» **Problem statement**: Return, unaltered, every line from the beginning of the material below up to and including the one with "Růžový nafukovací bazén".

(Beginning of The data)

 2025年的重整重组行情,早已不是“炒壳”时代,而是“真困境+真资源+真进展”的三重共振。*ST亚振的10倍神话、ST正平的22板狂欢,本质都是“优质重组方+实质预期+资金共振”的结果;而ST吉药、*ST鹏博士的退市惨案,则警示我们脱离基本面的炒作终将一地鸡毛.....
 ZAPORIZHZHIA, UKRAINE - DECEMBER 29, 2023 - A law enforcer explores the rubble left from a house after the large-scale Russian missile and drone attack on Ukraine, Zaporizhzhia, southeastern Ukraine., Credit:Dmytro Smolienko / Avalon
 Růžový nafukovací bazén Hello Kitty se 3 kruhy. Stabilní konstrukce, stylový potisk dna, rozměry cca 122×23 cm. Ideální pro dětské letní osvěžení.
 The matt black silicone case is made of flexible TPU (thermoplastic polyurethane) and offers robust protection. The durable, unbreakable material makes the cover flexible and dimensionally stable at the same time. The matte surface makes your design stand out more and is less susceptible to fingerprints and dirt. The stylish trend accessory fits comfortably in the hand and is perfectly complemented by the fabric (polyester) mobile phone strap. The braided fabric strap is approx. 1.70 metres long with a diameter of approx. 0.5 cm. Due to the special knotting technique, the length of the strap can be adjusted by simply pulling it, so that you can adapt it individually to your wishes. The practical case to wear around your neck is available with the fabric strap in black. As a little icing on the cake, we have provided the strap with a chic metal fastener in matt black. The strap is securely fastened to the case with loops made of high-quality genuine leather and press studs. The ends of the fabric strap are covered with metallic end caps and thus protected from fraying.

(End of The data)

» **Task response**:
 2025年的重整重组行情,早已不是“炒壳”时代,而是“真困境+真资源+真进展”的三重共振。*ST亚振的10倍神话、ST正平的22板狂欢,本质都是“优质重组方+实质预期+资金共振”的结果;而ST吉药、*ST鹏博士的退市惨案,则警示我们脱离基本面的炒作终将一地鸡毛.....
 ZAPORIZHZHIA, UKRAINE - DECEMBER 29, 2023 - A law enforcer explores the rubble left from a house after the large-scale Russian missile and drone attack on Ukraine, Zaporizhzhia, southeastern Ukraine., Credit:Dmytro Smolienko / Avalon
 Růžový nafukovací bazén Hello Kitty se 3 kruhy. Stabilní konstrukce, stylový potisk dna, rozměry cca 122×23 cm. Ideální pro dětské letní osvěžení.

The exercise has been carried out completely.